Nidification. Breeds in forest, making a shallow cup-shaped nest of dead leaves, a scrap or two of moss, one or two tiny twigs, all carelessly and untidily bound together with cobwebs and lined, with fine roots and tendrils. The whole structure reminds one more of a Cuckoo-Shrike's nest rather than that of a Babbler. One found by myself was built in a small fork of a straggly bush, quite unconcealed and easily reached by hand. It contained four eggs with a pale yellowish ground-colour well covered with freckles, specks and blotches of reddish brown, numerous everywhere but more so at the larger end. They were much like large, dully coloured and brown eggs of Copsychus. They measured 23·1 × 17·1 mm., and were taken, very hard-set, on the 9th August.
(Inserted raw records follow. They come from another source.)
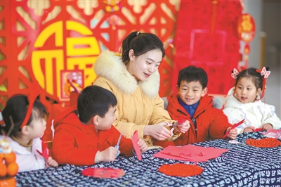 1月22日,在江蘇省興化市昭陽(yáng)湖幼兒園,教師指導(dǎo)小朋友剪窗花。寒假臨近,該幼兒園開(kāi)展豐富多彩的活動(dòng),孩子們?cè)诮處煹闹笇?dǎo)下寫(xiě)“福”字、剪窗花,體驗(yàn)民俗,喜迎新春佳節(jié)。周社根 攝
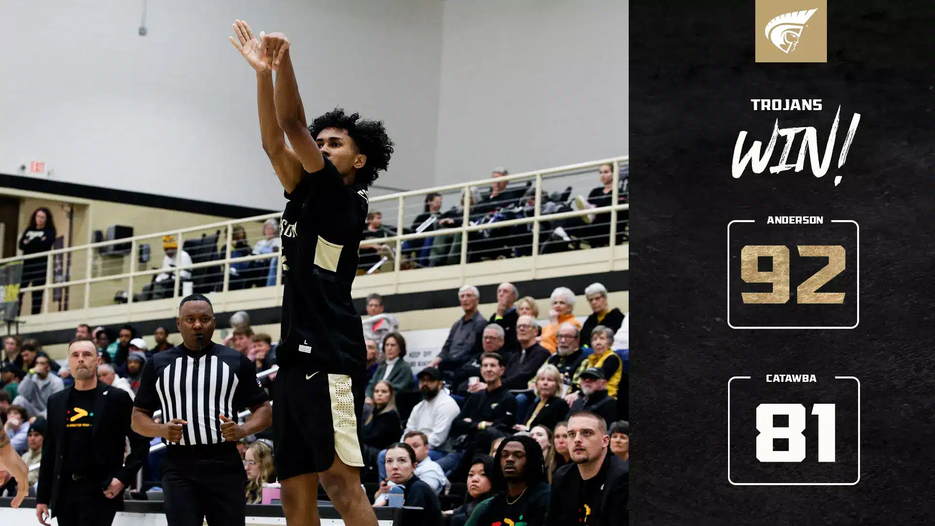 SALISBURY, N.C.—The Anderson University men’s basketball team started the season’s home stretch, handing Catawba its first home loss this season on 92-81 Wednesday night at Goodman Arena.
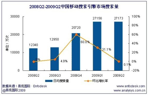 2009年第2季度中國移動搜索引擎市場搜索量達2.72億次

Habits. This curious Babbler is found during the cold weather principally between 1,000 and 2,500 feet, frequenting bamboo-, bush- and grass-jungle and, less often, secondary growth. In the breeding season it is found nearly up to 4,000 feet, and then deserts the lighter form of cover for the densest and dampest forests. It is like the birds of the genera Garrulax and Trochalopterum in being very gregarious and very noisy, but, unlike them, keeps entirely to trees and bamboos and never works on the ground for its food. They are intensely curious and by no means shy, and will allow close observation without resentment. They fly fairly well and are much more active on the wing than most of the Timaliidæ.

(233) Gampsorhynchus rufulus torquatus.

The Ring-necked Shrike-Babbler.

Gampsorhynchus torquatus Hume, P. A. S. B., 1874, p. 107 (Youngzalin River); Blanf. & Oates, i, p. 136.

Vernacular names. None recorded.

Description. Differs from G. r. rufulus in having the upper plumage rufous-brown; the outer webs of the first primaries and the tips of all horny-grey; the tail is edged and tipped with white instead of buflf and the sides of the neck are marked with rufous and black.

Colours of soft parts as in the last bird, but the legs are described as "greyish white, slaty white or fleshy white with a blue tinge."

Measurements as in White-headed Shrike-Babbler.

Distribution. The Toungoo Hills and Karenni to Tenasserim.

Nidification unknown.

Habits do not seem to differ from those of the White-headed Shrike-Babbler. Davison procured them both in bamboo and evergreen forest.